Task prompt
All lines from the one containing "11月からこつこつ作っていた" through the last line of the listing below are to be copied exactly. Exclude the pictures.

Information provided
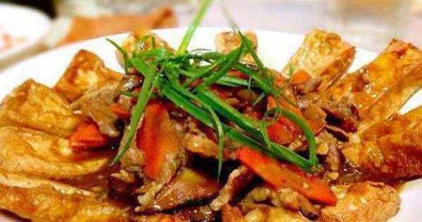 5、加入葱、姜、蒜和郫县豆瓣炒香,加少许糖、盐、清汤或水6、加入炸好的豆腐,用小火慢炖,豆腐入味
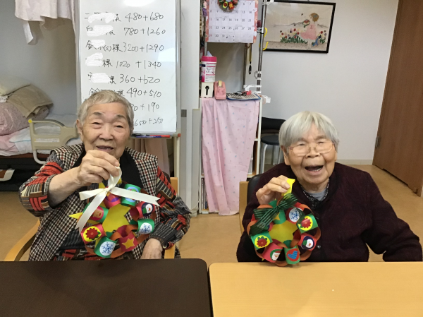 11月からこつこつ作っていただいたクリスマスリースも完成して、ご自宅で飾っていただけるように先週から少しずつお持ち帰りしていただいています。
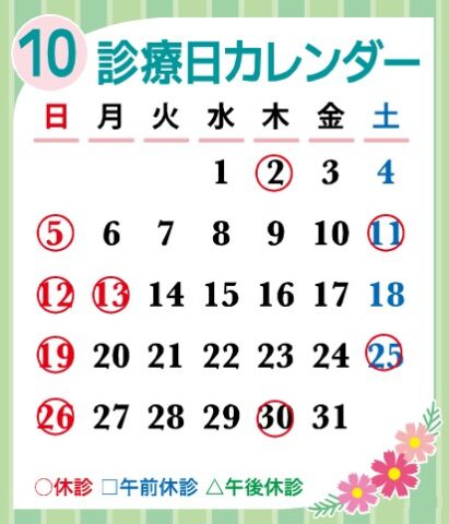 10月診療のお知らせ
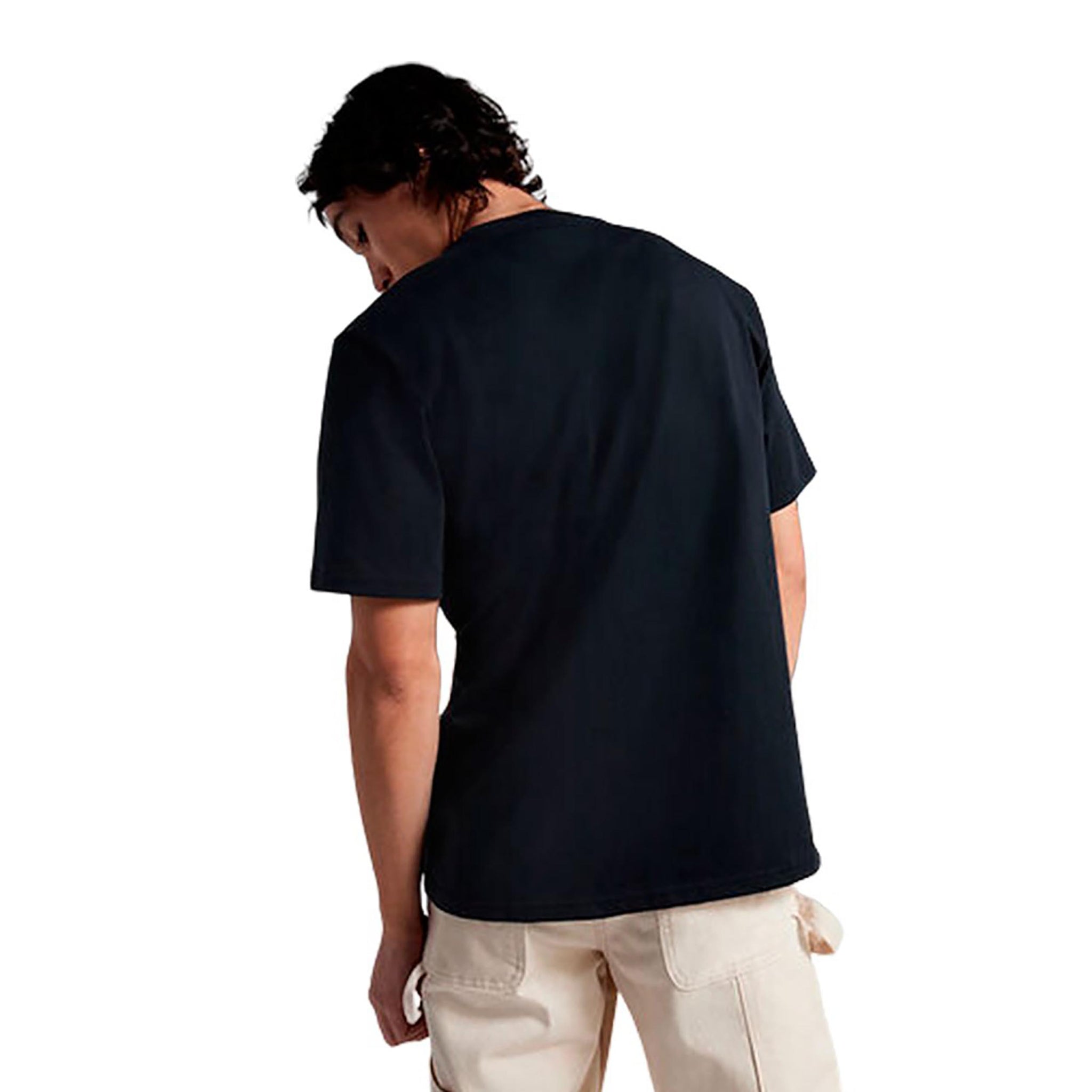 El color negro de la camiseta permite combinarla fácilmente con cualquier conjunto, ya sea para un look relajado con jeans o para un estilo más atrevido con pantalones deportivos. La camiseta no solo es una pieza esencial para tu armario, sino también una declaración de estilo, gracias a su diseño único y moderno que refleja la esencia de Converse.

Task solution
 11月からこつこつ作っていただいたクリスマスリースも完成して、ご自宅で飾っていただけるように先週から少しずつお持ち帰りしていただいています。
 10月診療のお知らせ
 El color negro de la camiseta permite combinarla fácilmente con cualquier conjunto, ya sea para un look relajado con jeans o para un estilo más atrevido con pantalones deportivos. La camiseta no solo es una pieza esencial para tu armario, sino también una declaración de estilo, gracias a su diseño único y moderno que refleja la esencia de Converse.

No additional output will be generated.